Adrien Mazarguil adrien.mazarguil at 6wind.com
Tue Jun 30 11:28:03 CEST 2015


From: Alex Rosenbaum <Alexr at mellanox.com>

TX queue elements (struct txq_elt) contain WR and SGE structures required by
ibv_post_send(). This commit replaces them with a single pointer to the
related TX mbuf considering that:

- There is no need to keep these structures around forever since the
  hardware doesn't access them after ibv_post_send() and send_pending*()
  have returned.

- The TX queue index stored in the WR ID field is not used for completions
  anymore since they use a separate counter (elts_comp_cd).

- The WR structure itself was only useful for ibv_post_send(), it is
  currently only used to store the mbuf data address and an offset to the
  mbuf structure in the WR ID field. send_pending*() callbacks only require
  SGEs or buffer pointers.

Therefore for single segment mbufs, send_pending() or send_pending_inline()
can be used directly without involving SGEs. For scattered mbufs, SGEs are
allocated on the stack and passed to send_pending_sg_list().

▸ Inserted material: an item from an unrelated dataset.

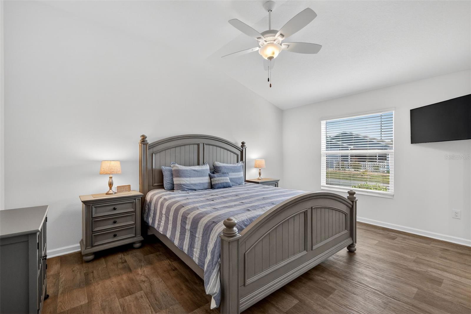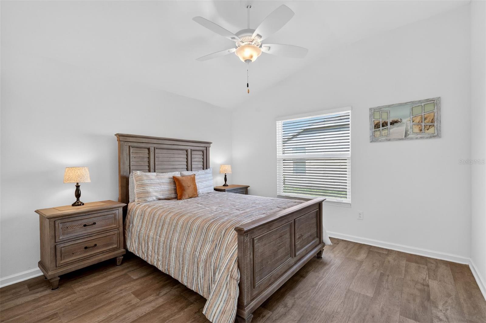 FANTASTIC 2/2 Opal Patio Villa featuring an INTERIOR LAUNDRY nestled on a SPACIOUS CORNER LOT in the Boaz East Villas of the highly sought after Village of St Johns - JUST MINUTES to the popular Sawgrass Grove! Built in 2022, this nearly new home offers LOW-MAINTENANCE peace of mind with MODERN design! The striking exterior features a CHARMING white picket fence and a SIDE PATIO — Ideal for RELAXING in the Florida sunshine or ENJOYING fun-filled OUTDOOR ENTERTAINING with friends and family! Enter in to the wonderful SCREENED LANAI, the PERFECT spot to RELAX with your morning coffee, evening cocktail, or a good book! From the lanai, step inside to discover a bright, OPEN-CONCEPT layout filled with NATURAL LIGHT and stylish finishes. Rich warm-toned Rolled Vinyl flooring flows seamlessly throughout the entire home for easy maintenance living. HIGH VAULTED ceilings adorn the living, dining, and kitchen creating a SPACIOUS and voluminous main living area. While a set of sliding glass doors from the dining room open to the side patio for added convenience. The AMAZING kitchen showcases WHITE SHAKER cabinetry with PULL-OUTS, built-in PANTRY, STAINLESS steel appliances, a LARGE CENTER ISLAND with an EAT-IN breakfast bar, and an CONVENIENT DESK with additional cabinetry - perfect for a home office! The primary bedroom boasts a VAULTED ceiling and a GENEROUS WALK-IN closet. It’s en-suite bathroom is well-appointed with WHITE SHAKER cabinetry, DOUBLE sinks, a WALK-IN shower, and a LINEN closet. Bedroom two features a VAULTED ceiling and a built-in closet. The second bathroom offers a WHITE SHAKER vanity, a tub and shower combination, and a hallway LINEN closet. For added CONVENIENCE, an INTERIOR LAUNDRY closet is located near the kitchen. Completing the package is an 18’x20’ one and a half car garage with a UTILITY SINK and PLENTY of space for a car and golf cart! DON’T MISS YOUR OPPORTUNITY TO MAKE THIS WONDERFUL HOME YOUR OWN! The Village of St. Johns is IDEALLY SITUATED close to Sawgrass Grove, Brownwood Paddock Square, and the new upcoming Eastport Square; nine neighborhood pools and recreation centers (St. Johns; St. Catherine, Bradford, Hawkins, Richmond, Clarendon, Water Lily, Okahumpka, Aviary); three large regional recreation complexes (Ezell, Everglades, and Rohan); Southern Oaks and Woodlands Championship Golf Courses; Lowlands, Loblolly, Longleaf, and Laurel Oaks Executive Golf Courses; Richmond, Marshview, and Live Oaks Pitch and Putt courses; the Clifton Cove Putting Course; shopping, dining, banking, medical, and more at SR 44 and Magnolia Plaza; and Richmond dog park for your furry friends! PLEASE WATCH OURWALKTHROUGH VIDEO OF THIS FABULOUS HOME and call today to schedule your Private Showing or Virtual Tour!

Signed-off-by: Alex Rosenbaum <Alexr at mellanox.com>
Signed-off-by: Adrien Mazarguil <adrien.mazarguil at 6wind.com>
---
 drivers/net/mlx4/mlx4.c | 244 +++++++++++++++++-------------------------------
 1 file changed, 84 insertions(+), 160 deletions(-)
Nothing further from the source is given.